Dodone subit à son tour l’exploitation cléricale, l’influence asiatique. Les premiers prêtres du premier dieu grec n’avaient servi que l’Indra aryen, avec austérité, jusqu’au moment où, Dioné s’associant au Jupiter Naïos, des prophétesses, — les Péléïades, — vinrent exercer leur magie sous le chêne antique. La pythonisse de Delphes bavait à peine ses premiers oracles, que les Péléïades exerçaient déjà, à Dodone, un pouvoir fâcheux. Le chant du feuillage et le vol de la colombe demeuraient les signes principaux par lesquels le dieu manifestait sa volonté, mais, bientôt, vinrent s’ajouter à ces présages, le bruit de chaînettes nouées d’osselets, que le vent projetait contre des plaques de bronze, sonores, bruit dont les prêtresses comprenaient le sens. Les questions et les réponses étaient stylées sur des feuilles de plomb.

A Delphes, l’oracle agissait par la peur. Une femme, la Pythie, amenée comme de force par les prêtres, donnait aux dévots le spectacle effrayant d’un être offert à la divinité en sacrifice perpétuel. Assise sur un trépied exactement placé au-dessus d’un gouffre béant, et d’où s’échappait, toute fumante, l’exhalaison prophétique, la Pythie prophétisait. Dans une buée lourde, la victime sacrée se tordait, pâle, enivrée, et de sa bouche tordue, écumante, sortaient, alors, des plaintes, des cris, des hurlements, mélangés de mots que l’on recueillait, et dont on jetait l’interprétation à l’inconcevable crédulité des hommes.

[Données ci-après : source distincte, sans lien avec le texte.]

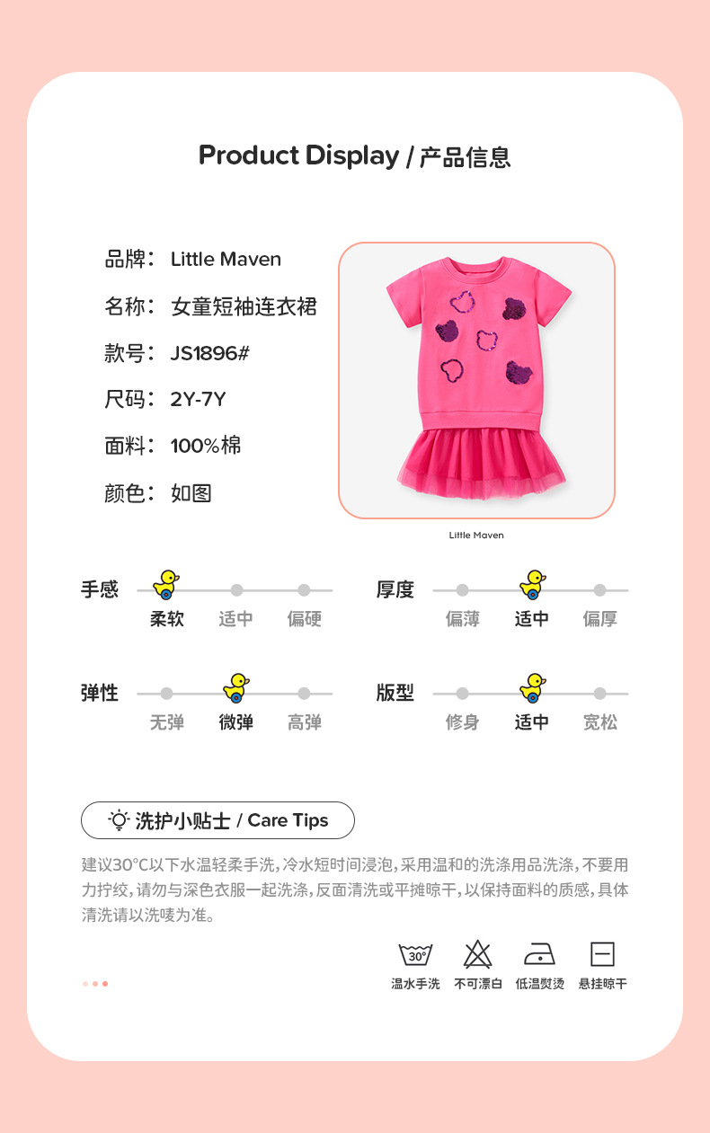 JS1896DS-夏季可愛女童短袖網紗洋裝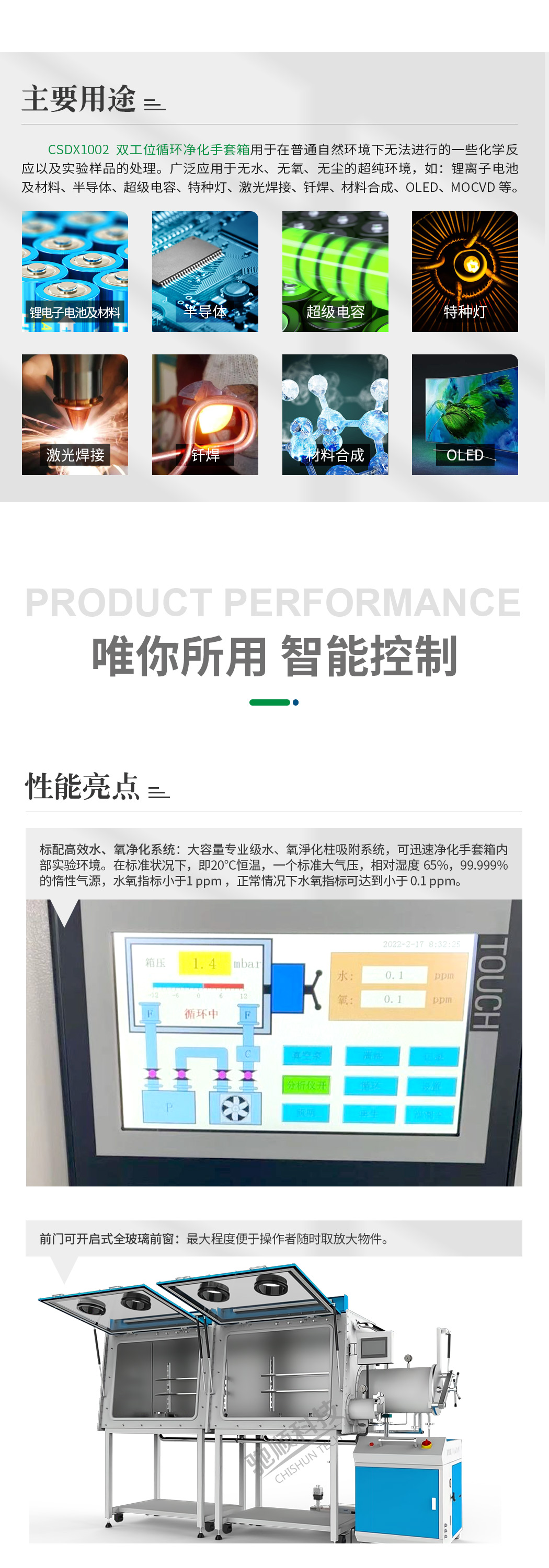 在化學(xué)反應(yīng)以及實(shí)驗(yàn)樣品的處理中,有些物質(zhì)對(duì)水和氧都十分敏感,在普通自然環(huán)境下無(wú)法進(jìn)行。使用循環(huán)凈化手套箱可使這類物質(zhì)在相對(duì)無(wú)氧、無(wú)水的惰性氣體環(huán)境下反應(yīng)和測(cè)試。 產(chǎn)品廣泛應(yīng)用于鋰離子電池及材料、半導(dǎo)體、薄膜制備、納米材料、催化劑、超級(jí)電容、特種燈、激光焊接、釬焊、鈦合金焊接等。
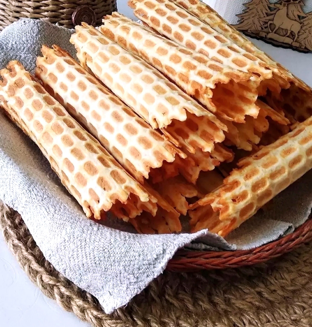 Процесс приготовления не меняется в зависимости от модели: тесто выливаете в вафельницу, закрываете крышку и немного ждете, затем быстренько сворачиваете вафлю желаемой формы. Можно сделать трубочку с любой начинкой: крем, сгущенка, варенье. Такие лакомства очень понравятся детям, а взрослые вспомнят вкус детства. Состав/Ингредиенты: Мука-1 стакан Сахар-1 стакан Маргарин-200 грамм Ваниль-по вкусу Яйца-4 штуки 1. В миску выложите размягченный маргарин, который можно заменить маслом. 2. Добавьте сахарный песок и ваниль, хорошенько все перемешайте. Вбейте куриные яйца. 3. Просейте в миску муку и тщательно смешайте все составляющие. 4. Получится тесто консистенции жидкой сметаны, оно сразу готово к выпеканию. 5. Смажьте вафельницу растительным маслом - 1 раз перед началом выпечки. Вылейте столовую ложку теста в центр и закройте крышку, готовьте до звукового сигнала, около 45-60 секунд. Готовые вафли снимите и сразу сверните в трубочки. Приятного аппетита! Спасибо за просмотр и не заб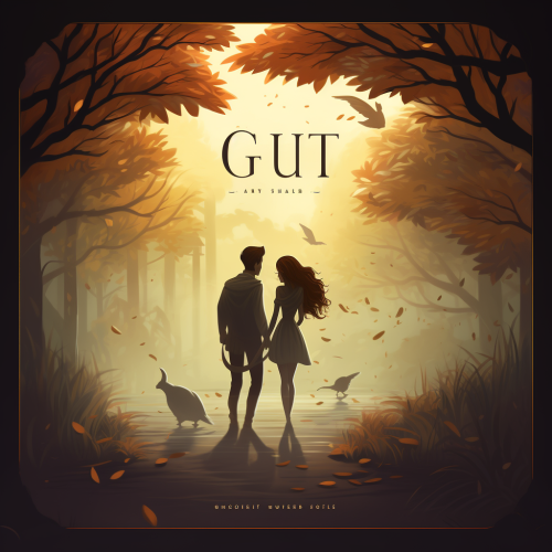A cover design that conveys the theme of Ghost, a novel has action adventure and mystery, A Love story of Human and Ghost, A puritan man tall, dark brown curling hair, square chin, and brown eyes, six feet tall and woman with Charity auburn hair, tall, well proportioned, with strong limbs, hazel eyes, and a cherubic round face. perhaps on a wooded path-- in the background a rustic Georgian styled farm house with two chimneys, Photorealistic, Photoreal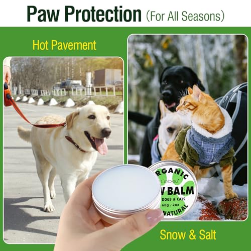 FOR ALL SEASONS-Keep this paw soother for dogs with your furry friend when you are at home or out hiking, traveling, camping, climbing, hunting, to avoid discomfort to her sensitive parts due to cold, dry, frozen or hot pavement. Love her at all times and give her the best dog paw protector and dry dog nose balm.
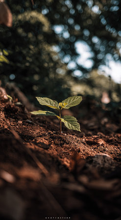 A close-up captures a small plant emerging from brown earth. Green leaves contrast against the earthy tones of the soil, with a blurred natural background. The image, with its shallow depth of field and soft lighting, could be suitable for environmental, educational, or illustrative purposes.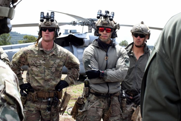 Staff Sgt. Andrew, Sgt. 1st Class Jay, and Sgt. 1st Class Jeff, all soldiers assigned to 7th Special Forces Group, participate in mission planning with members of Helicopter Sea Combat Squadron Six prior to rigorous fast-rope rehearsals designed to help both teams successfully infiltrate enemy terrain during Red Flag Rescue. Red Flag Rescue is the world’s premier air combat exercise and provides an opportunity for teams from all components and branches of the U.S. military, as well as foreign allies, to train together and fine-tune procedures that will be used in combat.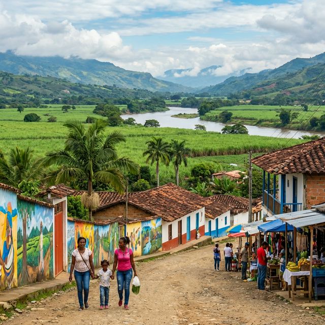 A small Afro-Colombian municipality in northern Cauca with sugarcane fields, the Cauca River valley, and vibrant community culture.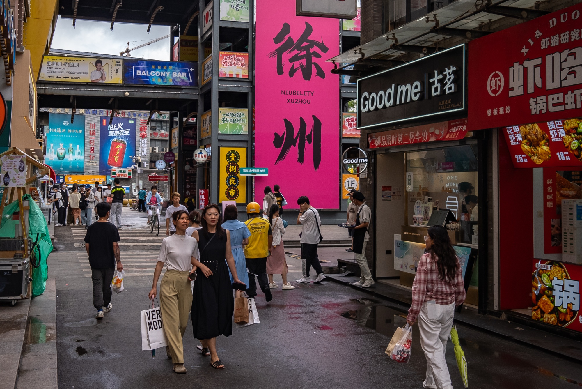 人们在2024年7月4日星期四在中国江苏省徐州购物。该城市已关闭煤矿和钢铁厂,由于其自然资源枯竭,转而发展三个领域:新能源、机械建设和新材料。来源:彭博社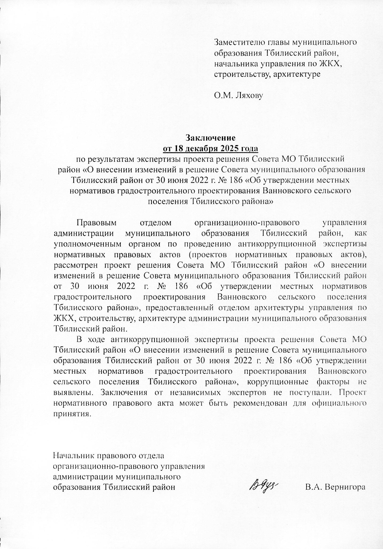 О внесении изменений в решение Совета муниципального образования Тбилисский район от 30 июня 2022 г. № 186 «Об утверждении местных нормативов градостроительного проектирования Ванновского сельского поселения Тбилисского района»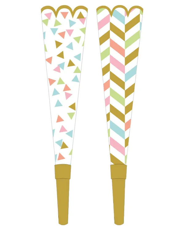 Vil du legge til litt farger og moro i festen eller arrangementet ditt? Disse prismatiske hornene / fløytene er akkurat det du trenger! Med en vakker bølgekantdesign og en rekke livlige farger, vil disse hornene / fløytene definitivt skape en festlig stemning.

A Claros, l’eau d’une source, bue par le prophète, suffisait pour lui inspirer une réponse. Les Asclépiades endormaient les malades, et les divinités venaient elles-mêmes, pendant le sommeil, donner au patient les remèdes procurant la guérison. En Béotie, la pratique pieuse consistait en l’écorchement d’un bélier, sur la peau duquel, toute chaude, s’endormait le pèlerin désormais apte à voir le dieu. L’oracle d’Ammon se manifestait en imprimant à la bari, ou barque sacrée que les prêtres portaient processionnellement, des mouvements significatifs, langage que les prêtres seuls savaient traduire.

De la Dodone pélasgique, au nord, jusqu’à l’oasis d’Ammon, au sud, en Libye, par l’harmonie des sons, par les douces paroles, par les spectacles terrifiants, par les ivresses procurées, par les bienfaits, ou par les menaces, par tous les moyens de terreur ou de séduction dont l’homme peut disposer, les prêtres s’emparaient du inonde. En Grèce, en Hellénie, l’humanité résistait d’instinct à l’accaparement. — Ni incantations, ni paroles de miel, ni menaces rudes ne me fléchiront, dit magnifiquement le Prométhée d’Eschyle.

L’oracle n’annonçait pas seulement le destin fatal ; il était aussi capable de changer l’avenir : c’est par ce moyen que les prêtres eurent les Hellènes. On voulut séduire les dieux, on s’appliqua très savamment à les compromettre, à leur faire annoncer un destin qu’ils se trouveraient ainsi intéressés à réaliser.